Martha Mouret Quezada

Dra. en Derecho por la Universidad en Estudios de Posgrado en Derecho. Maestra en Derecho por el Centro de Estudios de Posgrado en Derecho. Diplomado en Derecho Comercial y Financiero, por la Universidad de Estudios de Posgrado en Derecho. Especialidad en Amparo, por la UNAM. Diplomado en Derecho Familiar y Sucesiones, por la Univ. Iberoamericana

Los artículos 2107, 2108, 2019, 2017, y 2118  de los Códigos en Materia Civil Para El Distrito Federal y del Código Civil Federal, mismos numérales, establecen; las “Consecuencias del Incumplimiento de las Obligaciones”, así como el sexto párrafo del artículo 109 de la Constitución Política de los Estados Unidos Mexicanos,  y la Ley Federal De Responsabilidad Patrimonial Del Estado; fijan las bases y procedimientos para reconocer el derecho a la indemnización a quienes, sin obligación jurídica de soportarlo, sufran daños en cualquiera de sus bienes y derechos como consecuencia de la actividad administrativa irregular del Estado.

¿Qué es un Maratón?

Un maratón es: un evento deportivo en el que los participantes tienen que recorrer una distancia de 42,195 kilómetros, lo que equivale a:  26 millas, 385 yardas, es por eso que él maratón, es una de las pruebas de resistencia más exigentes y populares del atletismo que se lleva a cabo en las ciudades más importantes del mundo. Además, un maratón, es un evento deportivo, en el cual, muchos deportistas suelen poner a prueba el entrenamiento que han realizado a lo largo del año, y es el momento en que los atletas de alto rendimiento, comprueban si han podido mejorar sus tiempos y/o sus marcas personales.
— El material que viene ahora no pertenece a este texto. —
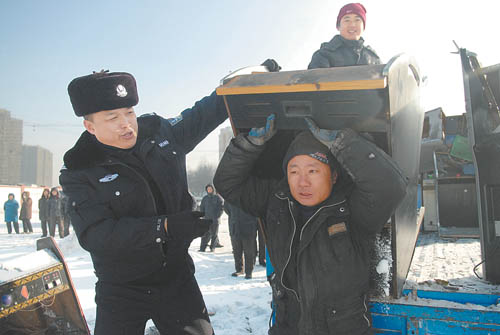12月23日,工作人员搬运准备公开销毁的赌博游戏机。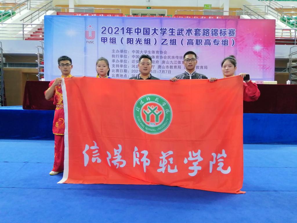 2021年中国大学生武术套路锦标赛于7月5至7日在河北省迁安市举行。本次赛事由中国大学生体育协会主办、河北省教育厅、迁安市人民政府承办,全国高校共有92支队伍,700余人参加了本次比赛。信阳师范学院武术队由牛林杰老师担任领队,罗杰老师担任教练员。经过三天的激烈角逐,最终获得单项2金1银的优异成绩。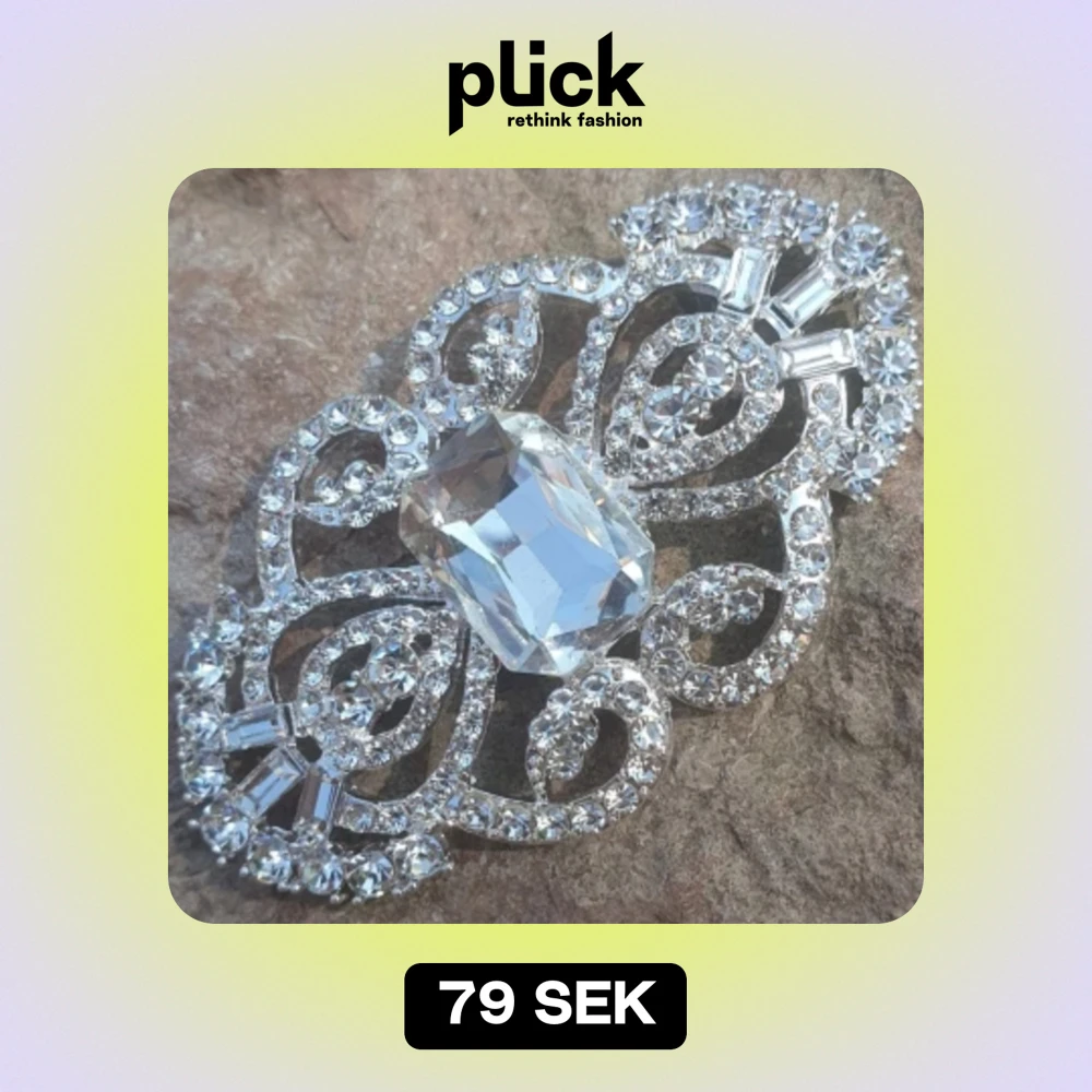 Den här broschen har transparenta kristaller mått är ca 6.5 × 3.8 cm.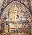 The Room of Mysteries holds the fresco cycle representing the mysteries of the faith, which were thought to have influenced Raphael's Disputation of the Holy Sacrament.[1] The biblical scenes displaying the mysteries of faith are painted to inspire a sense of piety in the viewer. Pinturicchio's work in this room is ubiquitous, meant to act as a holy teaching for beginners in religious education. The figures in this room are more restricted in their emotion and motion.[16] The Room of the Mysteries includes The Annunciation, The Nativity, The Adoration of the Magi, and The Resurrection.[17] Pope Alexander VI was a devotee of the Virgin Mary, which is why many of Pinturicchio's episodes in this room were dedicated to her life and legacy.[18] Pope Alexander VI is represented on this fresco cycle, within The Resurrection painting, kneeling at Christ's feet.[8]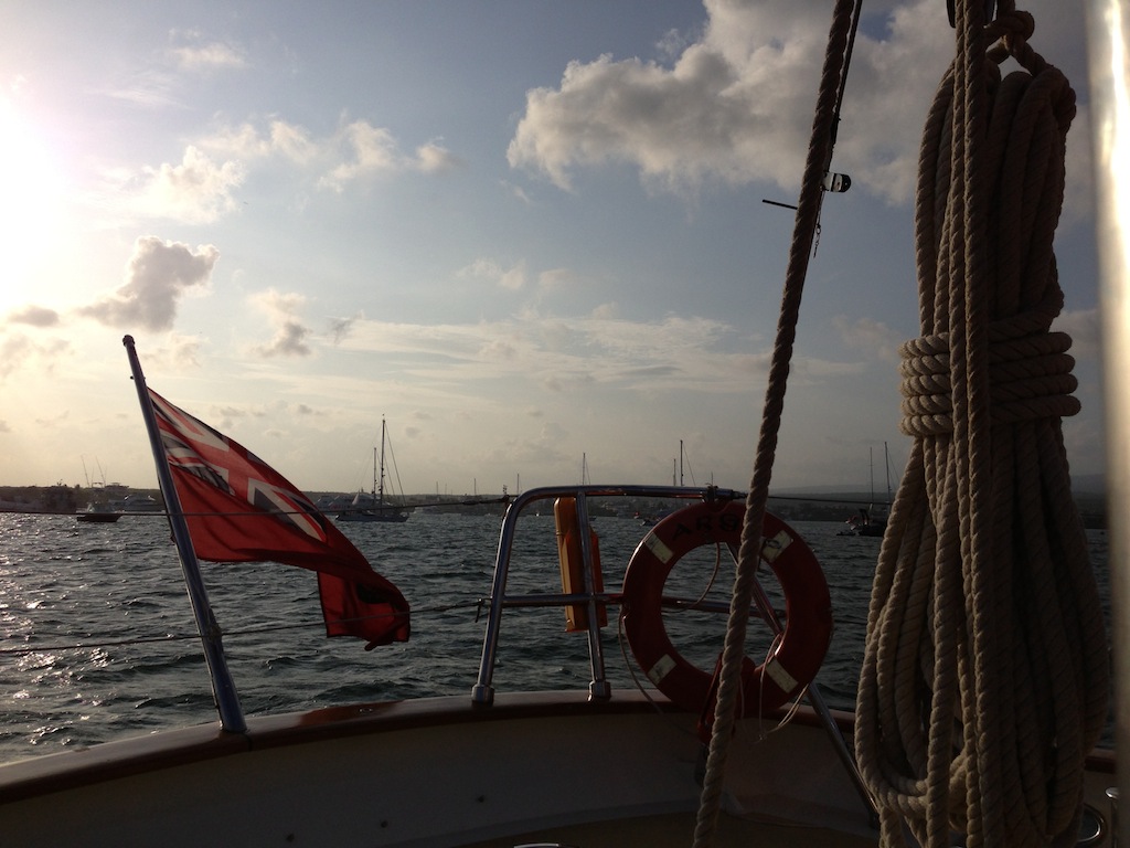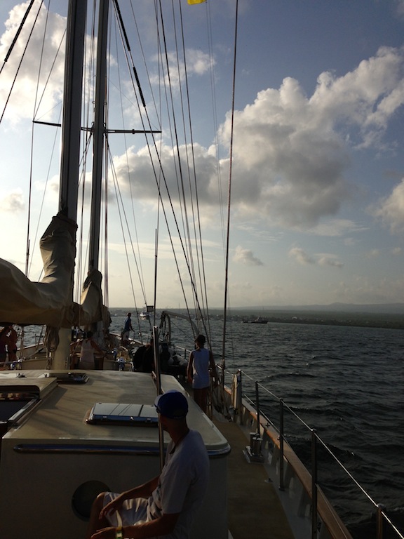 The newly initiated shellbacks were rotating through watch teams as the Galapagos became visible on the horizon. A new rush of excitement filled the crew with the wonder if there would be wildlife everywhere as we arrived. Over the past two days, there has been an abundance of dolphins, not just your normal dolphins taking a breath and going back down, but fully jumping up at least 10 feet out of the air; talk about amazing! As Argo cruised closer, we began a massive B.A. while underway. The deck was scrubbed and waxed, cabins cleaned, and fridges and every cabinet organized. She looks great right now, and a clean boat leads to a happy boat and a happy crew! We pulled into Santa Cruz with birds flying above and a full anchorage ahead. We dropped anchor and enjoyed a great dinner of Chicken Pot Pie. As we were beginning to clean up, we had a friendly little sea lion come over and poke his head in to say hello, which obviously melted everyone’s heart! Hopefully, there will be even more to come!
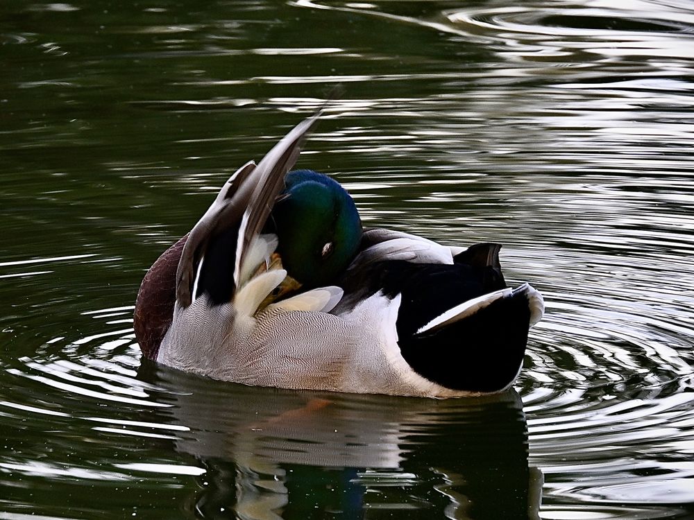 Duck fixes it feathers while the water ripples and the ducks reflection shows a glispls behind it at its feet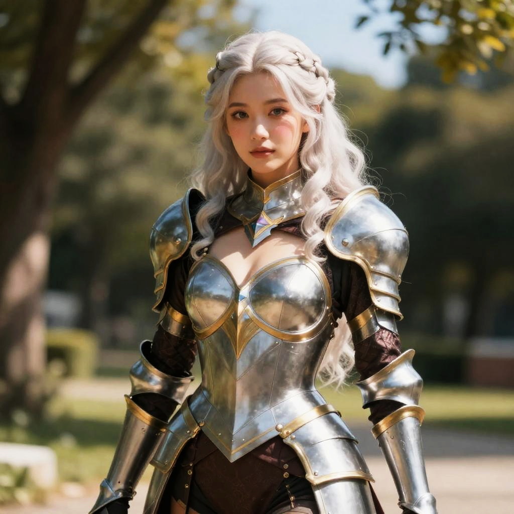 A woman stands outdoors dressed in a detailed, shiny silver and gold medieval-style armor with intricate shoulder and arm guards. Her long, platinum blonde hair is styled in loose waves with a braid crown, evoking a fantasy or cosplay aesthetic reminiscent of a warrior princess or a character from a medieval fantasy setting.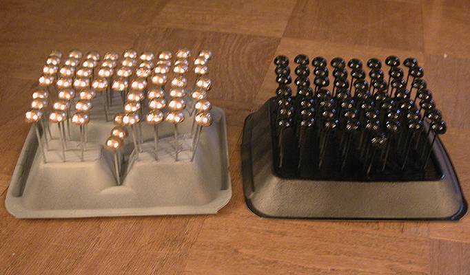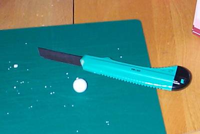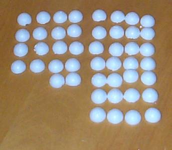 The skirt sensors are 1.5cm hard styrofoam balls. I found these at a craft shop (not the crystal-flaky styrofoam balls) but they were $.19 each. That meant for the 60 I bought, I had to pay about $12.00. I used a knife on a cutting mat to bisect the spheres along the natural molded seam. I rocked the blade back and forth over the seam, cutting deeper and deeper until the halves separated. Warning! Some of these crumbled pretty badly. Always buy more than you need. |

Las personas que se inscriben a un maratón, por lo regular, deben de seguir un plan de entrenamiento estructurado y progresivo, para poder desarrollar la resistencia necesaria y la capacidad física y mental para terminar la extenuante prueba atlética.

Desde mi experiencia personal, la primera rutina consiste en determinar cuál será el objetivo que se desea. Para un atleta de alto rendimiento la primera meta puede ser: terminar el maratón en un tiempo récord, mientras que para un deportista común podría ser simplemente completar el maratón sin menoscabo alguno.

Es bien sabido que quien corre un maratón puede deshidratarse, o sufrir alguna lesión física por no cuidar todas las recomendaciones de un médico, ya sea por insolación, o por no haber realizado los entrenamientos adecuados o inclusive por no usar los tenis correctos (aunque como ya se ha visto, eso no influye demasiado, cuando existe un constante de esfuerzo como les sucede a los corredores tarahumaras.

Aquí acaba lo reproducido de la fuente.